Requirement » Reproduce exactly the lines below from the one containing "That’s a funny" through the one containing "2. Slide the", including both, and nothing else.

Given data »
"""

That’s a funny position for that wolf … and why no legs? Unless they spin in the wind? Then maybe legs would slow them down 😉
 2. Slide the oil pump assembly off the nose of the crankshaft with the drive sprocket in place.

"""
"""

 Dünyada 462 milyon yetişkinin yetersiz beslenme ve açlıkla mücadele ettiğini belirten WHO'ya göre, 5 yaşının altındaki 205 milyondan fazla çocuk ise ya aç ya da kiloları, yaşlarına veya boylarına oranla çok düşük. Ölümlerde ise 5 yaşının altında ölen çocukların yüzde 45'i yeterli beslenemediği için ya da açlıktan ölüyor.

"""
"""

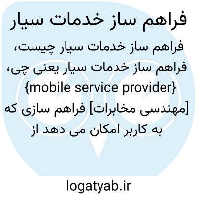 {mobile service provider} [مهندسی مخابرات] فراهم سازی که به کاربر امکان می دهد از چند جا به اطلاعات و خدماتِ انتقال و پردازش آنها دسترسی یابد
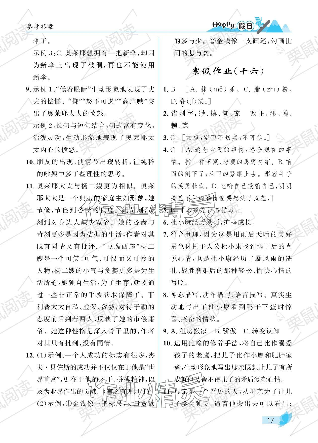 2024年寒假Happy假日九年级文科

"""

Task response »
That’s a funny position for that wolf … and why no legs? Unless they spin in the wind? Then maybe legs would slow them down 😉
 2. Slide the oil pump assembly off the nose of the crankshaft with the drive sprocket in place.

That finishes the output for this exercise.